## [About this exercise]
When the line containing "Vårt boende är" is found in the data below, give it again along with every later line, exactly; drop the pictures.

(Records from a data collection)
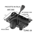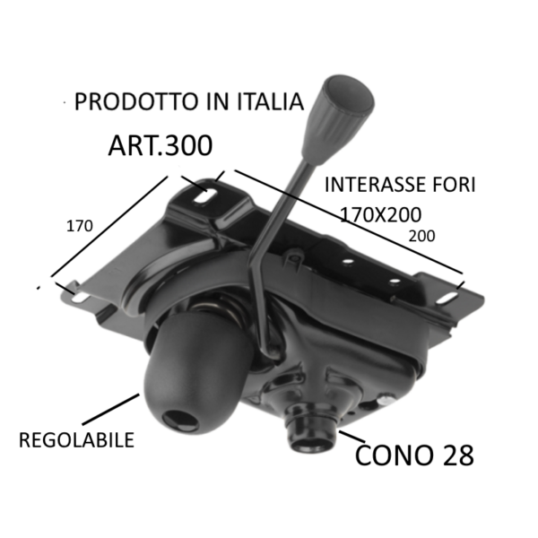 Meccanismo per sedia girevole  cono diametro 28 con comando leva ,verniciato nero . interasse fori   dal 150 max 170×200
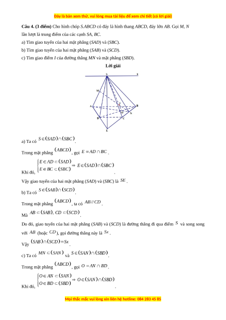 Vậy giao tuyến của hai mặt phẳng (SAD) và (SBC) là . b) Ta có . Trong mặt phẳng , ta có . Mà .
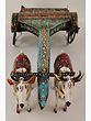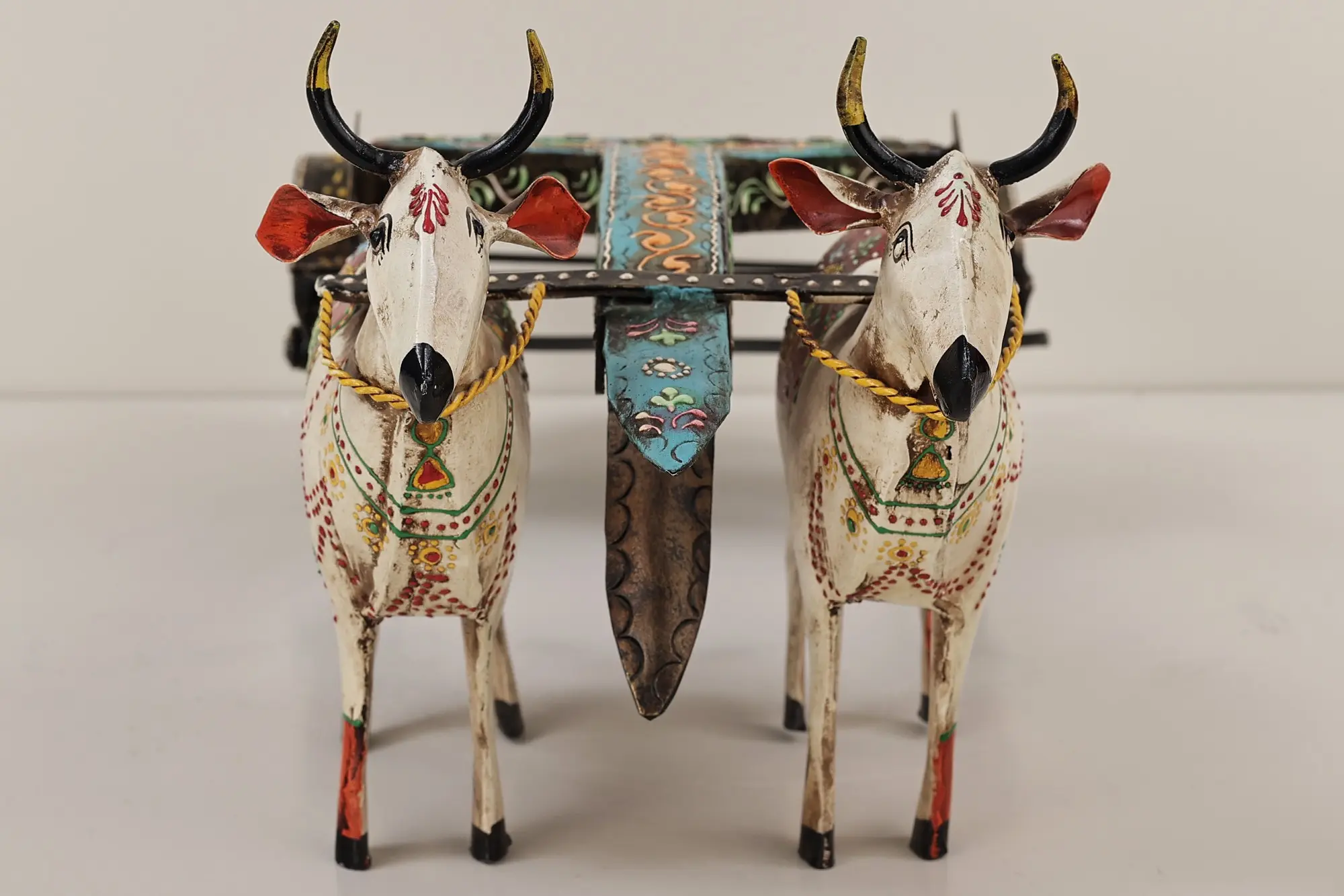 Every element of this decorative bullock cart speaks volumes about the skill and dedication of the artisans who created it. Fashioned from iron, the robust construction ensures lasting beauty. The intricate hand-painted designs are a visual feast, featuring an array of vibrant colors and patterns. The color palette and fine details truly bring this piece to life. Notice the elaborate embellishments that adorn both the cart and the bullocks, reflecting a deep appreciation for artistic expression.
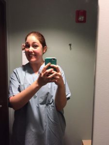 Me in my giant scrubs, mere moments before yet another health professional jammed a needle into my poor knee.
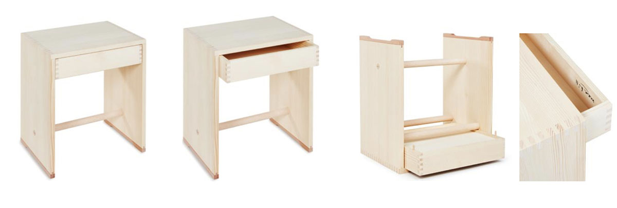 Model sa fiokom izrađen od ploča masiva smrče, koje su sa donje strane ojačane rubnim lajsnama od drveta bukve.
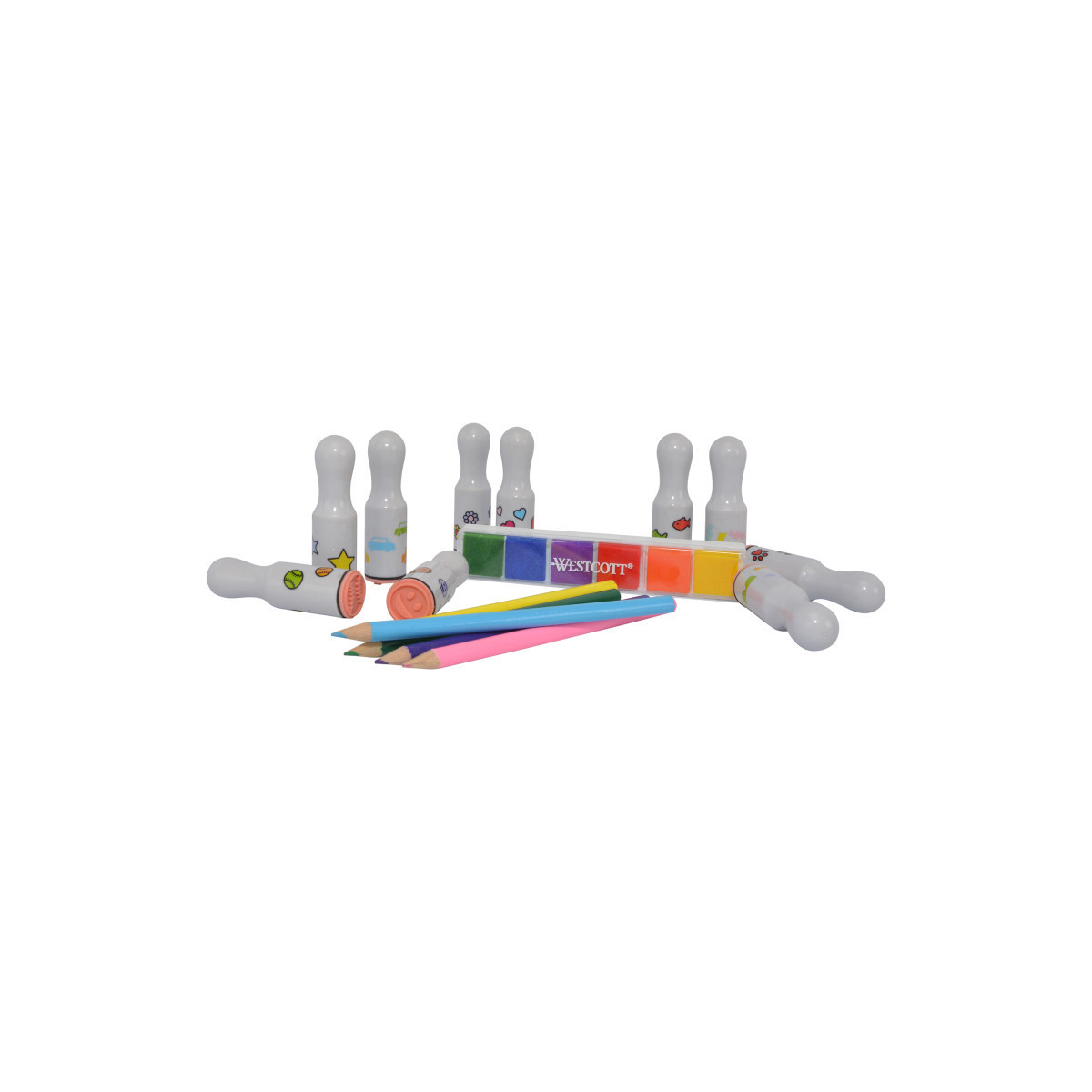 - Includes ten rubber stamps, a six-color ink pad of washable inks and five colored pencils
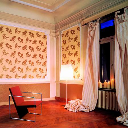 壁紙上的褶皺,看似隨心所欲,而它們在墻面上的投影卻讓壁紙的立體感頓生。這種不規則的褶皺是在墻紙加工過程中一體成型的,因為不規則,也帶來了每一面墻紙的獨特性。另外,這種褶皺墻紙有抗靜電功能,比一般墻紙更具防塵效果。
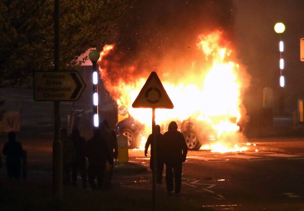 A car is set on fire at the Cloughfern roundabout in Newtownabbey, Belfast, Northern Ireland, on April 3, 2021.Peter Morrison/The Associated Press
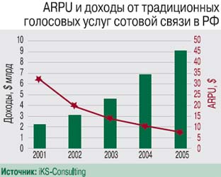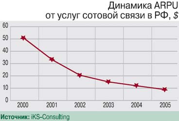 По предварительным итогам, ARPU в России снизился в течение 2005 г. на 26%, до $8,8, т.е. темпы падения этого показателя оказались даже выше, чем зафиксированный в 2004 г. 21%. А в целом за последние пять лет средний счет на одного абонента уменьшился на 83%. Нарастание нежелательной тенденции привело к тому, что все наконец заговорили о необходимости активизации усилий российскими операторами по стабилизации ARPU. Обеспокоенность рынка этой проблемой наглядно демонстрирует реакция инвесторов на неожиданно низкий показатель ARPU компании МТС за 3-й квартал 2005 г.: за два часа торгов на Нью-Йоркской фондовой бирже после объявления финансовых результатов котировки акций оператора упали на 10,5%.
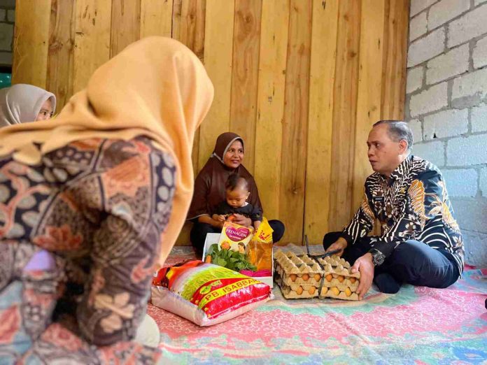 Sekretaris Daerah Buton Utara Muhammad Hardhy Muslim menyerahkan bantuan paket manfaat program BIAAS kepada keluarga penerima manfaat untuk Balita dua tahun beresiko stunting di Desa Damapala Jaya, Kecamatan Kulisusu Barat. (Foto : ist)
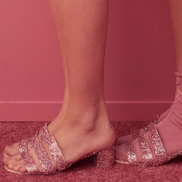 Fast delivery full service customer support. Fits true to size. For Love and Lemons x Marais Jane Mule NIB For Love and Lemons x Marais Jane Mule Size 8 but better suited for a 75 or 7 because these run small Inspired by sugary shades of pink the Jane Mule offers one-of-a-kind silhouette that brings life to your look with sprinkled glitter hand placed details soft leather straps comfortable cushioning and a flirty heel.
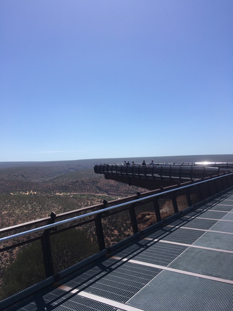 Vårt boende är perfekt placerat bara ett kvarter ovanför den härliga bukten. Efter en rejäl middag på den populära puben avslutar vi kvällen med en öl innan vi intar sviten igen. Några broschyrer fångar vår uppmärksamhet gällande en skywalk i närheten. Beslutet blir att åka dit och sedan avnjuta en lugn frukost i Kalbarri före eftermiddagshettan innan vi drar vidare mot Coral Bay.
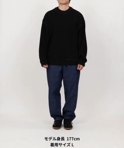 リラックスフィット ハンドステッチデザイン クルーネックニット
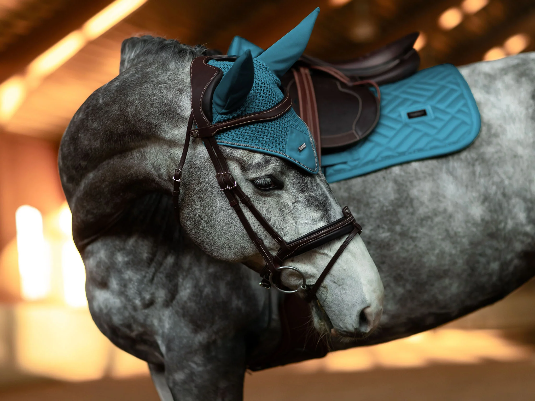 Elegáns Equestrian Stockholm fülvédő sötét zöldeskék színben, zöldeskék zsinórral és ezüst fém táblával. A fülvédő megvédi lovunk fülét a bogaraktól és a zavaró hangoktól. Horgolt, elasztikus anyagú fülrésszel. Könnyen rögzíthető, nem mozdul el.

## [Task solution]
 Vårt boende är perfekt placerat bara ett kvarter ovanför den härliga bukten. Efter en rejäl middag på den populära puben avslutar vi kvällen med en öl innan vi intar sviten igen. Några broschyrer fångar vår uppmärksamhet gällande en skywalk i närheten. Beslutet blir att åka dit och sedan avnjuta en lugn frukost i Kalbarri före eftermiddagshettan innan vi drar vidare mot Coral Bay.
 リラックスフィット ハンドステッチデザイン クルーネックニット
 Elegáns Equestrian Stockholm fülvédő sötét zöldeskék színben, zöldeskék zsinórral és ezüst fém táblával. A fülvédő megvédi lovunk fülét a bogaraktól és a zavaró hangoktól. Horgolt, elasztikus anyagú fülrésszel. Könnyen rögzíthető, nem mozdul el.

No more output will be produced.